Example 3 – Enforcing Encryption
Requirement:
All storage accounts must have encryption enabled.
Policy:
Deny unencrypted storage accounts.
Result:
Improves data protection compliance.
Example 4 – Limiting VM Sizes
Requirement:
Only approved VM sizes allowed to control cost.
Policy:
Deny non-approved VM SKUs.
Result:
Prevents overspending.
Example 5 – Enforcing Diagnostic Logging
Requirement:
All resources must send logs to Log Analytics.
Policy:
DeployIfNotExists to enable diagnostics.
Result:
Improves monitoring and security tracking.
11. Built-in Policies
Azure provides many built-in policies for:
- Security
- Networking
- Storage
- Regulatory compliance (ISO, NIST, etc.)
- Tag enforcement
- Resource restrictions
You do NOT need to memorize specific policy names for AZ-900, but understand that built-in policies exist.
12. Regulatory Compliance in Azure Policy
Azure Policy helps organizations align with:
- ISO standards
- NIST
- GDPR
- SOC
- Other regulatory frameworks
Azure provides built-in compliance initiatives that map to these standards.
13. Remediation Tasks
For policies with:
- DeployIfNotExists
- Modify
You can create a remediation task to fix existing non-compliant resources.
This helps enforce compliance on already deployed resources.
14. Management Groups and Policy Inheritance
Policies assigned at higher levels apply to lower levels.
Hierarchy:
Management Group
→ Subscription
→ Resource Group
→ Resource
If you assign a policy at management group level:
It applies to all subscriptions under it.
This ensures organization-wide governance.
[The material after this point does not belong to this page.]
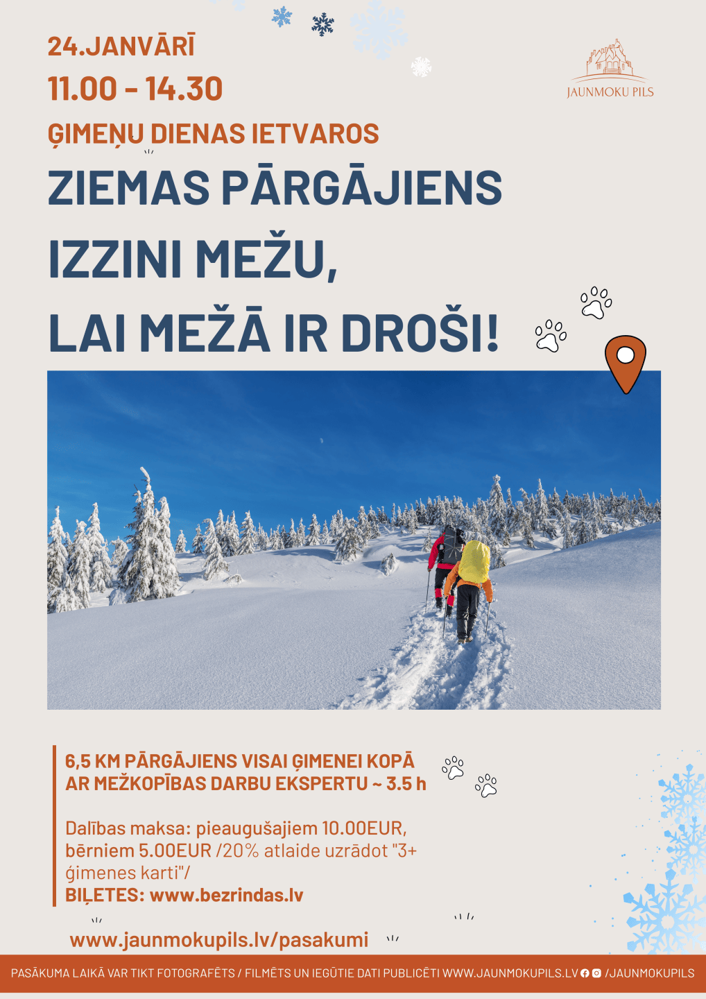 24.janvārī plkst. 11.00 Jaunmoku pils aicina uz Ziemas pārgājienu “Izzini mežu, lai mežā ir droši!” , kas notiks Ģimeņu dienu ietvarā pils apkārtnes mežā.

15. Important Exam Points to Remember
You should clearly understand:
✔ Azure Policy enforces standards
✔ It evaluates compliance
✔ It works at management group, subscription, and resource group levels
✔ Deny blocks deployment
✔ Audit allows but reports
✔ DeployIfNotExists auto-deploys missing components
✔ Policy ≠ RBAC
✔ Initiatives group multiple policies
✔ Used for compliance and governance
16. Quick Summary for Revision
Azure Policy is used to:
- Enforce rules
- Control configurations
- Ensure compliance
- Prevent non-approved deployments
- Automatically remediate issues
- Monitor compliance status
It is a core governance tool in Azure and frequently tested in AZ-900.